Emit the data below verbatim, stripping out any pictures.

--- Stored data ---
####################

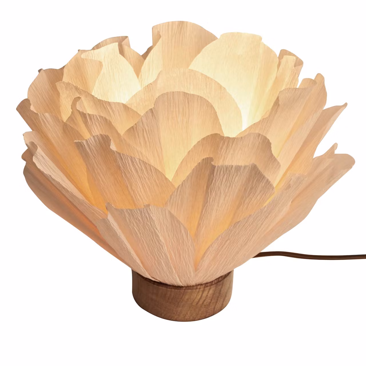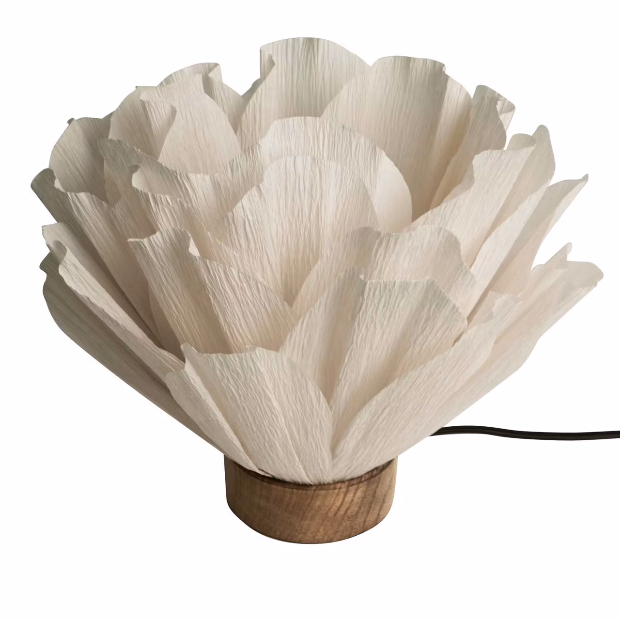 Lisa bordslampa från Watt & Veke är inspirerad av lotusblommans skönhet. Dess formbara blad i crepepapper erbjuder mjukt ljus och harmoni. Basen av mangoträ tillför en naturlig känsla, medan sladdens kontrasterande färg ger en snygg kontrast. Bordslampan blir ett konstverk som ger ditt hem en unik touch oavsett om den står placerad på nattduksbordet, fönstret eller på ett sidobord.
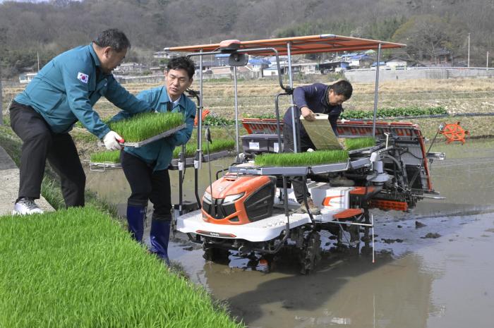 8일 순창군 풍산면 도치마을의 박동민(44) 씨가 논 2.7ha에 올해 첫 모내기를 시작하며 지역 농업에 활기를 불어넣는 뜻깊은 첫발을 내디뎠다.이날 염기남 순창부군수는 직접 현장을 찾아 모판을 나르고 이…
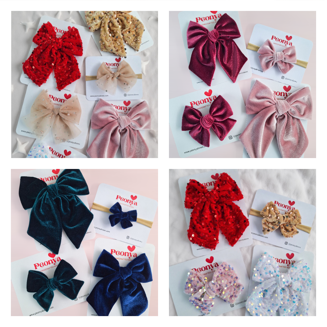 Preparate para añadir un toque de brillo y dulzura a cualquier look con nuestra deslumbrante coleccion de moños artesanales. ¡En Peonya Bows, cada lazo es una obra de arte creada con amor y atencion al detalle!
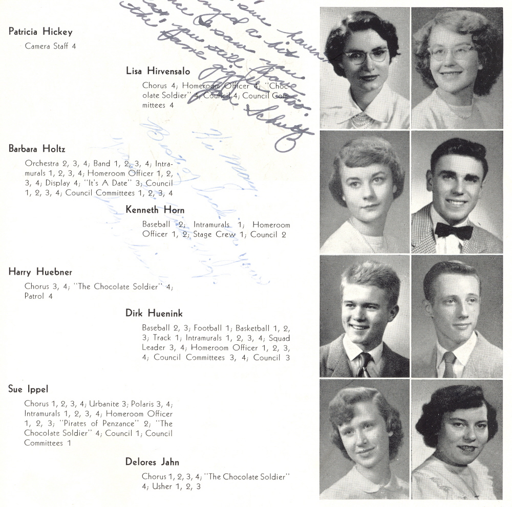 1953 Sheboygan North High School, Page 25: Patricia Hickey, Lisa Hirvensalo, Barbara Holtz, Kenneth Horn, Harry Huebner, Dirk Huenink, Sue Ippel, Delores Jahn.
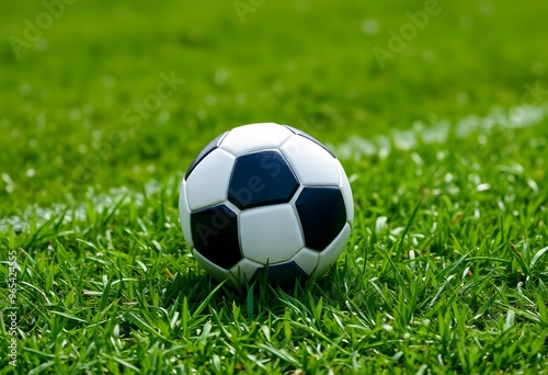 Obraz premium Render a 3D model of a soccer ball on a grass texture with realistic lighting and shadows

####################

--- RESPONSE AREA ---
 Lisa bordslampa från Watt & Veke är inspirerad av lotusblommans skönhet. Dess formbara blad i crepepapper erbjuder mjukt ljus och harmoni. Basen av mangoträ tillför en naturlig känsla, medan sladdens kontrasterande färg ger en snygg kontrast. Bordslampan blir ett konstverk som ger ditt hem en unik touch oavsett om den står placerad på nattduksbordet, fönstret eller på ett sidobord.
 8일 순창군 풍산면 도치마을의 박동민(44) 씨가 논 2.7ha에 올해 첫 모내기를 시작하며 지역 농업에 활기를 불어넣는 뜻깊은 첫발을 내디뎠다.이날 염기남 순창부군수는 직접 현장을 찾아 모판을 나르고 이…
 Preparate para añadir un toque de brillo y dulzura a cualquier look con nuestra deslumbrante coleccion de moños artesanales. ¡En Peonya Bows, cada lazo es una obra de arte creada con amor y atencion al detalle!
 1953 Sheboygan North High School, Page 25: Patricia Hickey, Lisa Hirvensalo, Barbara Holtz, Kenneth Horn, Harry Huebner, Dirk Huenink, Sue Ippel, Delores Jahn.
 Obraz premium Render a 3D model of a soccer ball on a grass texture with realistic lighting and shadows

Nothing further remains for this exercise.